Every line from the one with "Prompt提示词:A brave little" to the end of the listing, and nothing else, is to be printed exactly; please leave the pictures out.

> _Recorded information_
--- START ---

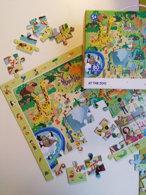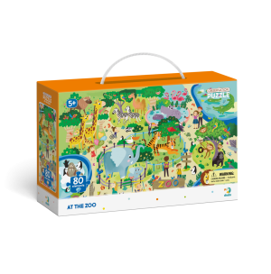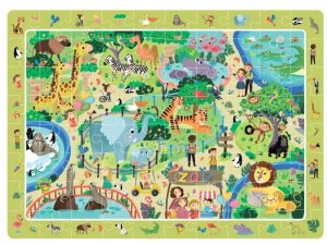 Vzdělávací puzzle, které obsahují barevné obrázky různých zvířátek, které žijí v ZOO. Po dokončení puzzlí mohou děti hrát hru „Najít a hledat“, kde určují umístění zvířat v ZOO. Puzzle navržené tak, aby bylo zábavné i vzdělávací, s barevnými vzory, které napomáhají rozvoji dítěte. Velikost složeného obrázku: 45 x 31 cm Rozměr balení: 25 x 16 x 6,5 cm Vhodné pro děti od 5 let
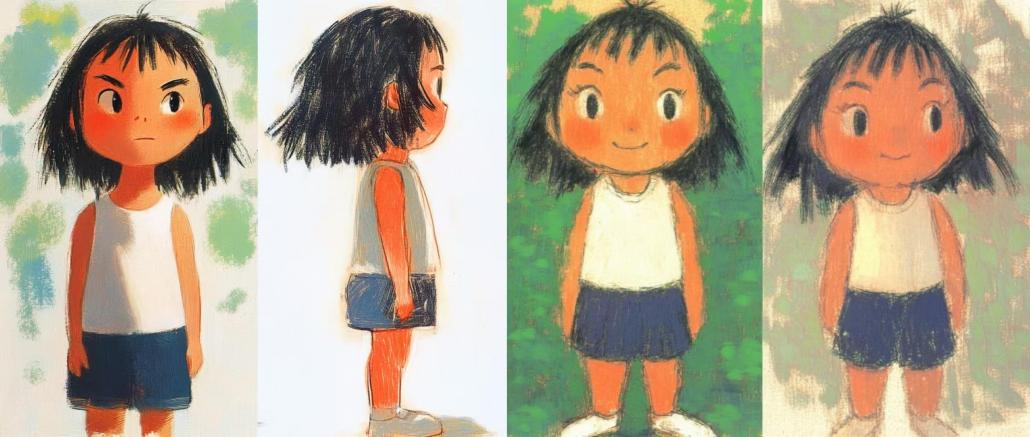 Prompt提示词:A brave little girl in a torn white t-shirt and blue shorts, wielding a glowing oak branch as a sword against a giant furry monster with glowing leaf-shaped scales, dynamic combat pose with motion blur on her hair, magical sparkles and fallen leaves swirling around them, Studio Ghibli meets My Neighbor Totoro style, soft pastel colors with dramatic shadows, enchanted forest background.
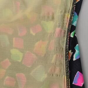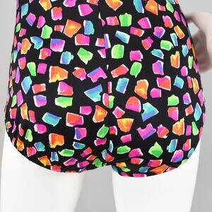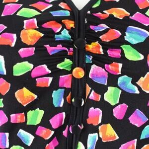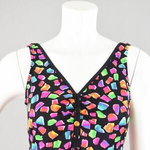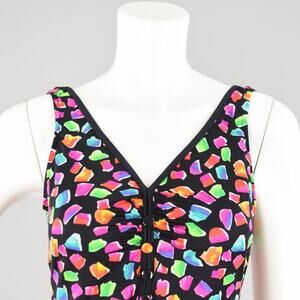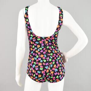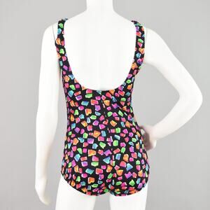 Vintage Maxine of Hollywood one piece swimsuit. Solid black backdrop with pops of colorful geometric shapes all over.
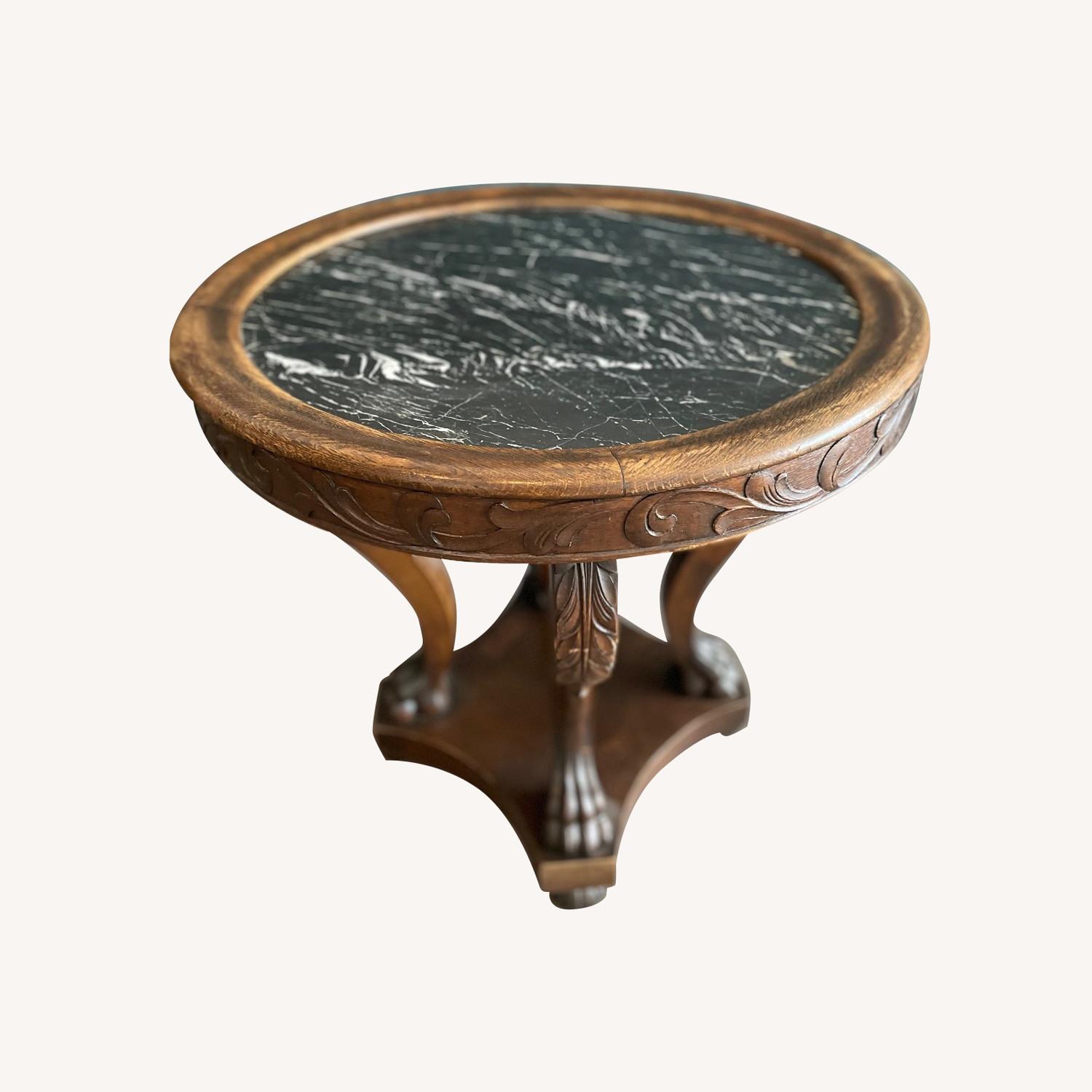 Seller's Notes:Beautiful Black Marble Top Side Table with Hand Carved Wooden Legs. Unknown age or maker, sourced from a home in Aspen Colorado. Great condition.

--- END ---

> _Solution below_
 Prompt提示词:A brave little girl in a torn white t-shirt and blue shorts, wielding a glowing oak branch as a sword against a giant furry monster with glowing leaf-shaped scales, dynamic combat pose with motion blur on her hair, magical sparkles and fallen leaves swirling around them, Studio Ghibli meets My Neighbor Totoro style, soft pastel colors with dramatic shadows, enchanted forest background.
 Vintage Maxine of Hollywood one piece swimsuit. Solid black backdrop with pops of colorful geometric shapes all over.
 Seller's Notes:Beautiful Black Marble Top Side Table with Hand Carved Wooden Legs. Unknown age or maker, sourced from a home in Aspen Colorado. Great condition.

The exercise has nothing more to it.